Friday, June 5, 2009

You are Othello the Moor, "one that loved not wisely but too well."

FUCK YOU FACEBOOK!
So I took the "Which Shakespeare Character Would You Be?"
An outsider, you have proved your worth, and the story of your adventurous life is enough to win a young heart. Honest and true, you naturally trust those you love...until the hints and insinuations start building, and your jealously starts burning. Whom should you trust?
>=[; After a semester of hating on Othello, it's ironic that I got him. At least I didn't get Iago.

Which Disney Princess are you? I got Atlantis' Kida. She's cool. I can deal with that; I'd post the description, but I changed the page already.
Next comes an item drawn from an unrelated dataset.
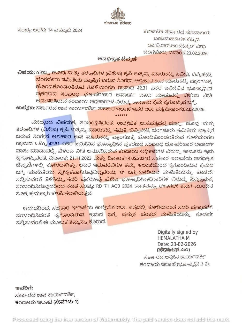 ಸಿಂಗೇನ ಅಗ್ರಹಾರ ಉಪ ಮಾರುಕಟ್ಟೆ ಪ್ರಾಂಗಣಕ್ಕೆ ಹೊಂದಿಕೊಂಡಂತಿರುವ ಗೂಳಿಮಂಗಲ ಗ್ರಾಮದ 42.31 ಎಕರೆ ಜಮೀನಿನ ಭೂ ಸ್ವಾಧೀನ ಪ್ರಕರಣ ಸಂಬಂಧ ಭೂ-ಪರಿಹಾರ ಅವಾರ್ಡ್‌ ಪಾಸ್‌ ಮಾಡುವಲ್ಲಿ ವಿಳಂಬ ನೀತಿ ಅನುಸರಿಸಲಾಗಿದೆ. ಇದಕ್ಕೆ ಕಾರಣರಾದ ಕಂದಾಯ ಅಧಿಕಾರಿಗಳ ವಿರುದ್ಧ ಕಾನೂನು ಕ್ರಮ ಕೈಗೊಳ್ಳಬೇಕು ಎಂದು 2023ರ ನವೆಂಬರ್‍‌ 21 ಮತ್ತು 2024ರ ಮೇ 14ರಂದು ಸಹಕಾರ ಇಲಾಖೆಯು ಕಂದಾಯ ಇಲಾಖೆಯನ್ನು ಕೋರಿತ್ತು. ಆದರೆ ಇದುವರೆಗೂ ಇಲಾಖೆಯಿಂದ ಕೈಗೊಂಡಿರುವ ಕ್ರಮದ ಬಗ್ಗೆ ಮಾಹಿತಿಯು ಸ್ವೀಕೃತವಾಗಿಲ್ಲ. ಅಲ್ಲದೇ ಈ ಪ್ರಕರಣವು ವಿಶೇಷ ಭೂಸ್ವಾಧೀನಾಧಿಕಾರಿಗಳ ವಿರುದ್ಧದ ಶಿಸ್ತುಕ್ರಮಕ್ಕೆ ಸಂಬಂಧಿಸಿದೆ ಎಂದು ಪತ್ರದಲ್ಲಿ ವಿವರಿಸಿರುವುದು ತಿಳಿದು ಬಂದಿದೆ.

I'm also German at heart apparently, it's a better description though.
You are precise yet romantic, efficient yet dreamy, friendly yet somewhat suspicious of others. You rarely smile, but when you do it's very meaningful. You like it best when there is a group consensus, and yet you are easily annoyed by the slowness and/or stupidity of others. Sometimes you think that if only you could live on an island or move to some wonderful place far away, everything would be better, and if you can't realize this dream you often lose yourself in books/vacations/recipes/sports -- anything for an escape! All in all, however, you make your peace with life, and have many old friends.
So I'm also really bad with flags because by looking at the flag first, thought I was from Zimbabwe. Haha

Also, I'm in Ravenclaw. Woot Woot! Ravenclaw values intelligence, creativity, wit, and wisdom.

Done with the nonsense! I can touch upon about all the other drama in my life. OH WAIT! There isn't any. Pish Posh.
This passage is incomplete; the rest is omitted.